- _WHAT YOU WILL DO_:
Provide again, from the entries below, every line from the one containing "サイズ/16oz / 473ml)とBELAYのコラボレーションボトル" through the one containing "1992 Képeslap Erdélyből", exactly as written, and no other line.

- _STORED DATA_:
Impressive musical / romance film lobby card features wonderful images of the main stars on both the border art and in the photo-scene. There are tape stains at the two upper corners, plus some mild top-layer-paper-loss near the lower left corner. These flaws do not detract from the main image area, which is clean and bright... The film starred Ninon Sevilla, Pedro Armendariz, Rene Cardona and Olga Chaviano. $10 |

--

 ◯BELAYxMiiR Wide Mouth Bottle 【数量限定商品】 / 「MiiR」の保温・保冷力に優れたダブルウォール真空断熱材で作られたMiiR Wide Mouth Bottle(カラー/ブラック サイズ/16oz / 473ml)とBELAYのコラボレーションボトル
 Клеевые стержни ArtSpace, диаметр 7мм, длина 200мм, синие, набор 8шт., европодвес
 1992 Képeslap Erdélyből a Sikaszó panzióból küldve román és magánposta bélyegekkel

- _TASK RESPONSE_:
 ◯BELAYxMiiR Wide Mouth Bottle 【数量限定商品】 / 「MiiR」の保温・保冷力に優れたダブルウォール真空断熱材で作られたMiiR Wide Mouth Bottle(カラー/ブラック サイズ/16oz / 473ml)とBELAYのコラボレーションボトル
 Клеевые стержни ArtSpace, диаметр 7мм, длина 200мм, синие, набор 8шт., европодвес
 1992 Képeslap Erdélyből a Sikaszó panzióból küldve román és magánposta bélyegekkel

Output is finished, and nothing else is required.